All of the various media reports have portions of these facts within them. The items they're missing is that there is no indication of why the car was stopped and the absence of any mention of a dashcam video, which should have been processed that Friday afternoon by investigative authorities if it existed and was on.
The dashcam should have been on during this traffic stop, dispatch records should have revealed a reason as to why the trooper initiated the stop. None are part of the record officials are sharing.
Two questions should be asked:
Why aren't the MSP releasing the trooper's name or dashcam footage? If things transpired the way they are said, he could only be heralded as a hero, so it makes one wonder as there is no compelling reason given for this anonymity. If everything went as written, why not show the video?

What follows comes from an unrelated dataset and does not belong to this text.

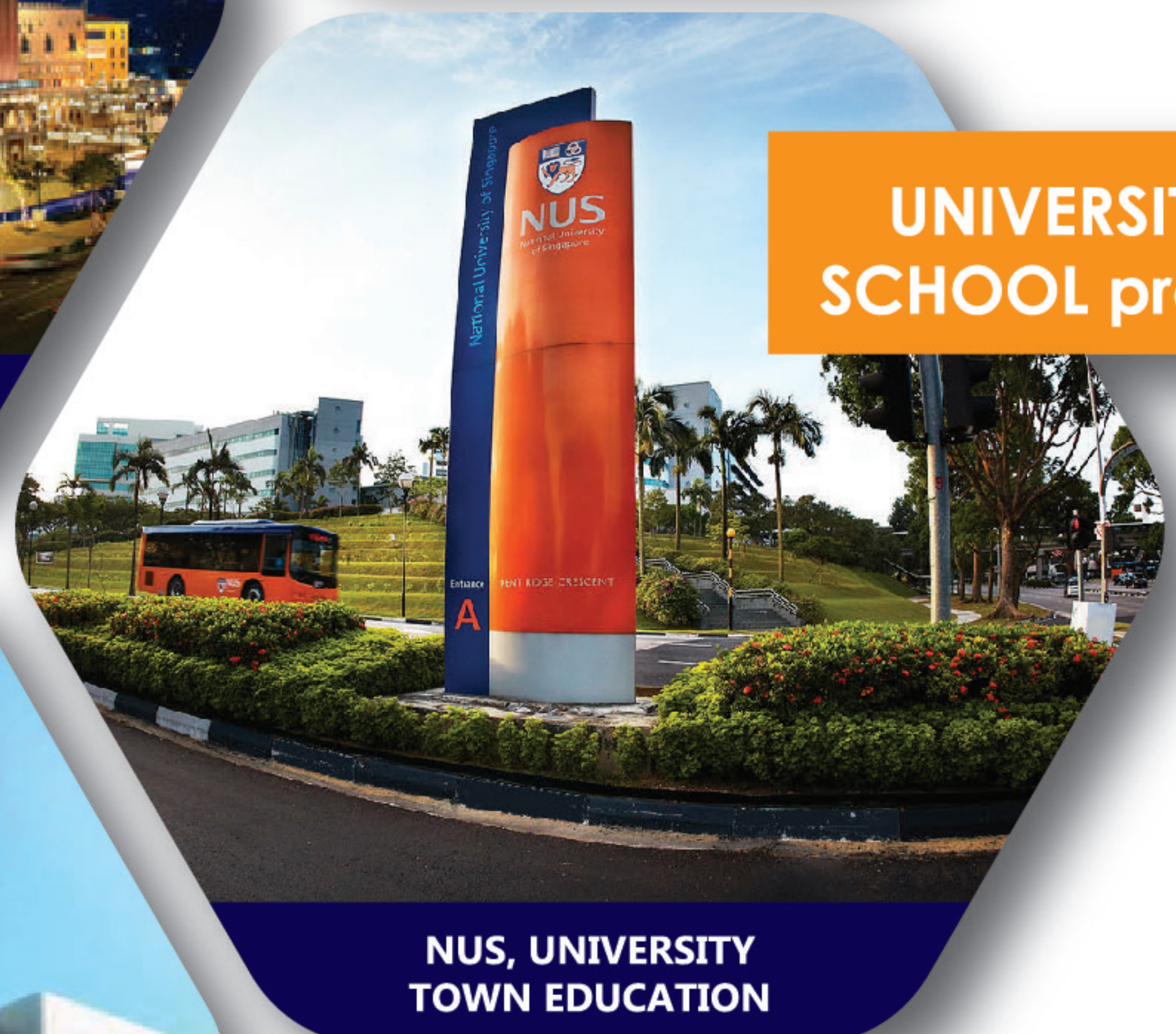
NUS, UNIVERSITY TOWN EDUCATION

Why were the two other occupants arrested? If they were not charged with anything, stayed in the car without doing anything, and otherwise cooperative with the investigation, why arrest them? They definitely need to be questioned, and there should be more than enough grounds to search the vehicle, but if that woman passenger just happened to be in the wrong place at the wrong time, why was she arrested? Guilt by association?

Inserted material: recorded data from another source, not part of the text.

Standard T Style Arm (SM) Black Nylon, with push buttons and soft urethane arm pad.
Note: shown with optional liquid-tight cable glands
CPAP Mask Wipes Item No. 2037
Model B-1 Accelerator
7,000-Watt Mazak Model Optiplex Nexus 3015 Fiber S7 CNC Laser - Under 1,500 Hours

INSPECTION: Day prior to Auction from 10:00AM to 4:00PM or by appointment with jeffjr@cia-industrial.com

The same questions pertained back in 2013. Sarah Knysz was a passenger, she had no direct part in killing Butterfield, effectively looking on in horror at the deed, and was effectively a hostage to a crazy gunman until they were both caught. Wielding his gun, he told her to remove the battery from her cell phone, and because of that and because she didn't try to run away, encumbered by a baby, from the insane guy with the still-smoking gun, and for nothing else, she was given a six year sentence for being an accomplice after the fact. Perhaps worse, she gave birth to her baby in prison and had to see it go into the foster system, possibly forever.
"He had a gun and he shot the trooper," she said at her trial, "and if he did that, what was he going to do to a witness that was going to tell on him and was going to turn him in? I just wanted to keep me and my baby safe. I was just thinking about my baby."
Sarah was eventually released from prison on September 15, 2015, serving less than two years in prison, and was off probation by the end of 2017.
The answer to both questions concerning this latest shooting are probably related; consider that a wounded bear can sometimes lash out inordinately at otherwise unthreatening objects.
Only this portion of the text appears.